Ваня положил свой багаж в кузов и забрался в кабинку.

Благополучно переехав по жердям яму, шофер прибавил ходу и понесся вперед. Машину подбрасывало, кидало из стороны в сторону, водитель с трудом удерживал руль, но хода не сбавлял.

Ваня понял, что иначе ехать нельзя. При нормальной скорости в первой же выбоине колеса забуксуют, а при таком ходе машина по инерции сама выскакивала из ям.

Если с ними ничего не случится и они опять не завязнут, вечером он будет дома. От этой мысли радостно и тревожно сжалось сердце.

Встреча

Груды кирпичей. Камни фундаментов. Черные трубы. Редко где уцелели один-два дома.

Со страхом и недоумением смотрел Ваня по сторонам и не верил своим глазам. С трудом и только по памяти узнавал он родные места, где вырос, учился.

Давно ли здесь стояла школа, а сейчас развалины. Тут был магазин. Там райсовет…

Все уничтожила злая воля врага.

— Подожди, — сказал юноша, тронув водителя за плечо. — Я приехал.

Машина остановилась как раз на перекрестке. Отсюда был виден их дом, но Ваня боялся взглянуть в переулок.

— Легкая у тебя рука, дружок, — сказал шофер. — Наверно, в жизни здорово везет. Верно?

— Не знаю…

— А вот помяни мое слово… Я сразу заметил. Как ты в машину сел, так словно после ремонта пошла…

Ваня посмотрел в переулок и уже не слышал, о чем дальше, говорил спутник.

«Дома нет.
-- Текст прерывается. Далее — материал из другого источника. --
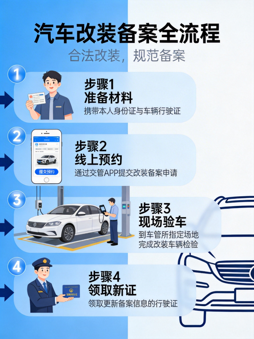 关键数据:踏板单侧外伸≤50mm;改色面积>30%需 10 日内备案;车顶行李架高度增加值≤300mm。备案流程与材料清单

Что там произошло? Разбомбили? Сожгли? Что стало с матерью, дедом? Убиты? Угнаны в Германию?»

Плохо соображая, он попрощался с водителем. Тот, по выражению лица, понял, что с попутчиком случилось неладное, и долго смотрел, как юноша нетвердой походкой поплелся в переулок.

Вот здесь стоял дом. Сейчас остался только фундамент. Даже труба, и та свалилась. Изгородки нет. Вместо сарая ровное место. В конце сада уцелела баня.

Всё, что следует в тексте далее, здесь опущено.